- Citizenship: New Zealand
- Education: University of Canterbury
- Scientific career
- Fields: Tourism Regulation, Antarctic Policy
- Thesis: Tourism in the Antarctic- Modi Operandi and Regulatory Effectiveness (2008)

= Daniela Liggett =

Germany researcher based in New Zealand

Daniela Haase Liggett is an Antarctic researcher and social scientist from Germany, focused on antarctic tourism and environmental management, as well as international research coordination. She is a professor at the University of Canterbury as the head of the School of Earth and Environment. Liggett is a leading expert in many Antarctic policy and research organizations like PCAPS, APECS, SCARS.

== Education ==
Liggett received a Management Bachelor of Science at Otto-von-Guericke University Magdeburg in 2003. Then a Master's Degree in Environment and Development from the University of Manchester in 2004. Finally, a Doctorate of Philosophy in Antarctic Studies from the University of Canterbury in 2008 where she completed a thesis on the government regulatory effectiveness of antarctic tourism.

== Career and impact ==
Liggett is part of the Policy Interface Working Group for Antarctic Platform, New Zealand's government funded research platform in Antarctica. She is co-chair of the Polar Coupled Analysis and Prediction for Services for the World Meteorological Organization, where she emphasizes interdisciplinary research collaboration is necessary for the complicated nature of Antarctic policy and management. She advocates for greater tourism regulation in Antarctica, like the availability of rescue ships in case of emergency and general consideration of the carbon footprint of antarctic tourism.

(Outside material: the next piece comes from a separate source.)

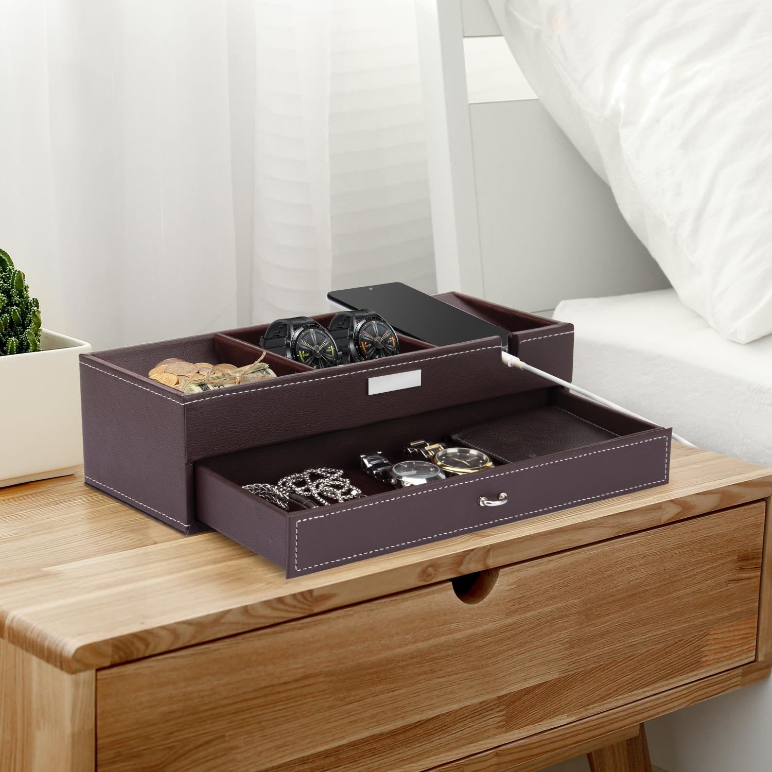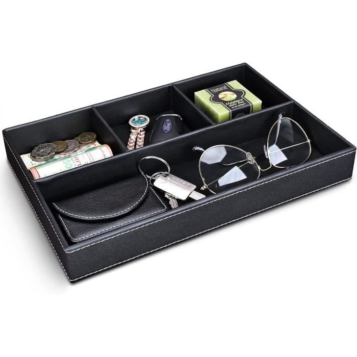 Emballage complet : comprend un plateau en cuir prêt à être utilisé immédiatement pour vous aider à organiser vos articles personnels. Organisateur Bijoux Clés Vide Poche Entree Boîte De Rangement En Cuir PU Réglable Pour Boîtier De Rangement Pour Maquillage, Bijoux Rangement Cuir En Solde Organisation Bijoux Clés Téléphone Utilisations polyvalentes : convient pour les tables de chevet de chambre, les bureaux, les comptoirs de salle de bain ou les tables d'entrée pour organiser les essentiels dans plusieurs pièces. Doté d'une construction en cuir synthétique durable, ce plateau compact aide à garder vos affaires bien rangées et facilement accessibles. La taille portable vous permet de maintenir l'organisation partout où vous en avez le plus besoin. Utilisation polyvalente pour la maison et le bureau : ce plateau est idéal pour différents espaces, placez-le sur votre table de chevet, table d'entrée, bureau ou commode pour organiser de petits objets Tableau des tailles : 18,2 x 18,2 x 4,2 cm. Nightstand Tray Plateau De Valet En Cuir Marron - Organisateur De Burundi Valets De Chambre Noir 【Construction en cuir PU durable】: fabriqué en cuir synthétique de qualité qui conserve son aspect sur diverses surfaces telles que les bureaux et les tables de chevet. Utilisez-le pour organiser des montres, des pièces de monnaie, des boutons de manchette, des clés, des bijoux et d'autres petits effets personnels tout en réduisant l'encombrement dans vos espaces de vie.

Liggett directed the "COVID-19 Project", SCAR's research project on the impact of the 2019 pandemic on human interaction with the continent. In her article, she explores governmental response to the pandemic regarding the continent. Liggett argues that slow response to COVID-19 highlighted governmental bodies like the ATS's in-effectiveness.

Liggett also contributed to "Antarctic Futures: Human Engagement with the Antarctic Environment," a book exploring the human environmental impacts, management strategies and future reality for Antarctica. Liggett co-authored the section 'Strategic Thinking for the Antarctic Environment: The Use of Assessment Tools in Governance,' where she argues that more strategic management in Antarctic governing is necessary for its sustainable use and future.

== Selected works ==

- Daniela Liggett et al. , "How the COVID-19 pandemic signaled the demise of Antarctic exceptionalism." Sci. Adv.10, eadk4424 (2024). DOI:10.1126/sciadv.adk4424
- Kennicutt II, M.C., Chown, S., Cassano, J., D. Liggett et al. (2014) "A roadmap for Antarctic and Southern Ocean science for the next two decades and beyond" Antarctic Science 27(1), 3–18 (2015) doi:10.1017/S0954102014000674
- Liggett, D., McIntosh, A., Thompson, A., et al. (2011). "From frozen continent to tourism hotspot? Five decades of Antarctic tourism development and management, and a glimpse into the future." Tourism Management 32 (2), 357–366 (2011) ISSN 0261-5177, https://doi.org/10.1016/j.tourman.2010.03.005.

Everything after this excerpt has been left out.